MTD for Income Tax launched on 6 April 2026. If you’re a sole trader or landlord with qualifying income above £50,000, it applies to you now. If your income is between £30,000 and £50,000, it applies from April 2027. Here’s what changes, what doesn’t, and what you need to do.

Last updated: April 2026  ·  10 minute read

£50,000 Qualifying income threshold from 6 April 2026 — dropping to £30,000 in April 2027 and £20,000 in April 2028
7 Aug 2026 First quarterly deadline — covering 6 April to 5 July 2026
31 Jan 2028 Final declaration deadline for 2026/27 — this is not covered by the first-year penalty grace period

What is Making Tax Digital for Income Tax?
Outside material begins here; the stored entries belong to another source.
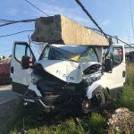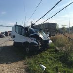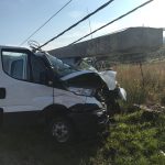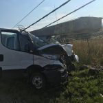 De dimineață, o autoutilitară a rupt un stâlp de electricitate pe centura Bistriței.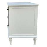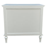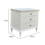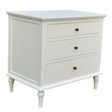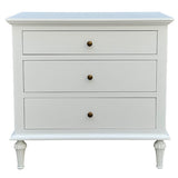 Features: Materials: birch wood, MDF, brass handles Includes: 1 x chest of drawers Blend of style & organisation Durable birch wood & MDF construction with satin white finish 3 spacious drawers for nighttime essentials WARNING Children have died from furniture toppling over Always secure this furniture with an anchor deviceNever allow children to stand, climb or hang on drawers, doors, or shelvesNever open more than one drawer at a timePlace heavy items down lowNever place a television on this furniture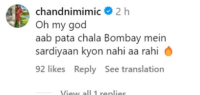 एक यूजर ने कमेंट कर लिखा है- ''ठंड लग जाएगी, फिर छींकती फिरोगी।'' दूसरे यूजर ने लिखा है- ''अब पता चला है कि मुंबई में सर्दी क्यों नहीं पड़ रही।'' इसके अलावा अन्य कई यूजर्स जाह्नवी कपूर की इन लेटेस्ट फोटो की तारीफ कर रहे हैं।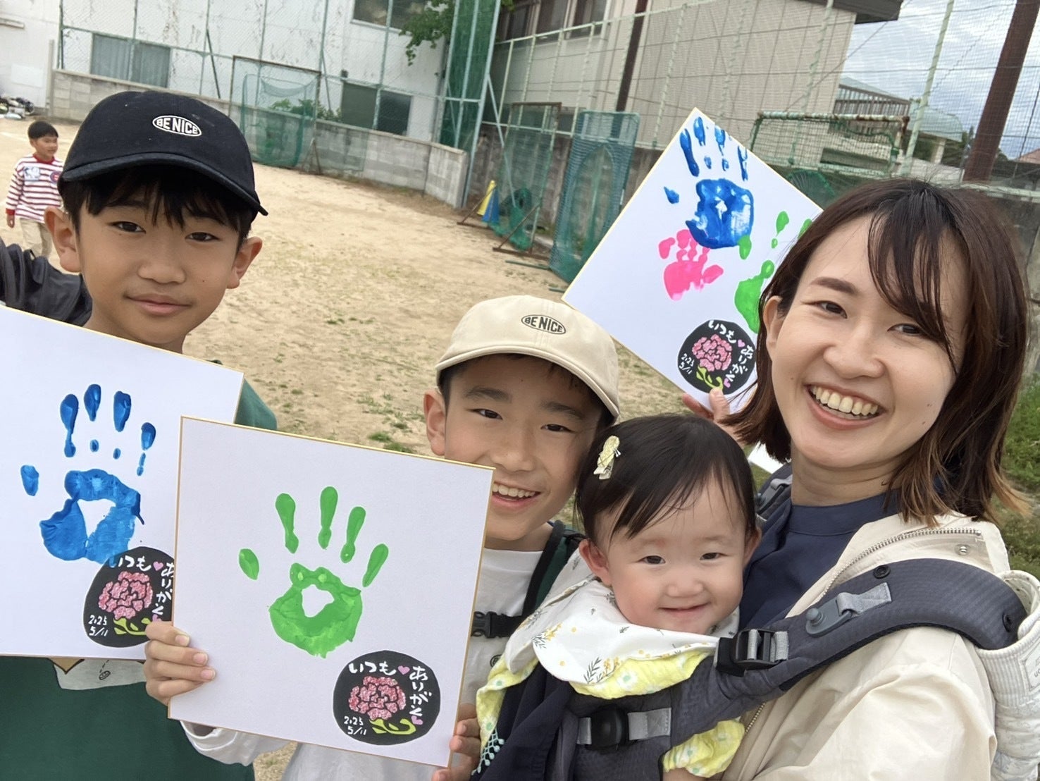 Hachiオリジナル切り絵のプリントが入った色紙に、みんなで手形!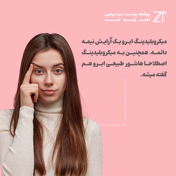 هم چنین به میکرو بلیدینگ اصطلاحا هاشور طبیعی ابرو هم گفته می شود. از آن جایی که در این روش، تاج و دم ابرو در جهت طبیعی ابرو هاشور می خورد و جاهای خالی ابرو پر می شود، برای کسانی که قصد دارند ابروهای خود را ترمیم کنند و جاهای خالی در ابروها را پر کنند و کسانی که می خواهند قوس ابروی خود را بیشتر کنند، روشی مناسب است.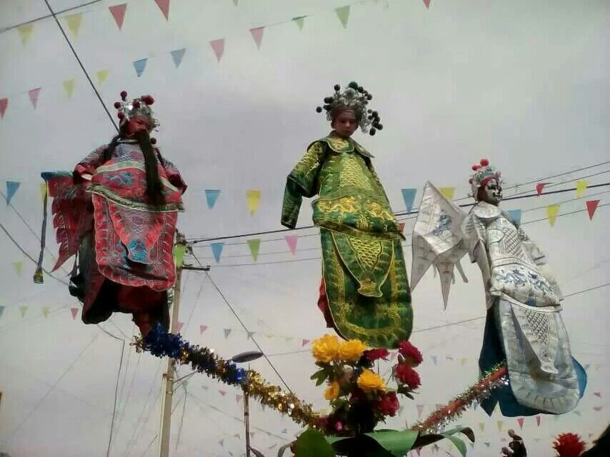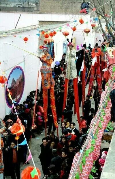 踩高跷的来了,来者都是大登殿的穿着漂亮的戏服,高高的高跷有三米的、二米的、四米、五米、一米的,二米的,高跷都可以跳,大多数踩一米,二米的高跷的都是中学生,三米的高跷一直走着有时转个圈,四米五米的高跷就只负责走路,旁边得有家人撑着撵子,防止摔倒、摔伤,踩高跷的人们都穿着漂亮的戏服,有什么关羽、刘备,诸葛亮等等这些人物。

MTD for Income Tax is the government’s programme to move self-assessment tax reporting from an annual return to a system of quarterly digital updates, made throughout the year using compatible software.

It doesn’t change when you pay tax — your payment date remains 31 January following the end of the tax year. What changes is how often you report your income and expenses to HMRC, and how you do it.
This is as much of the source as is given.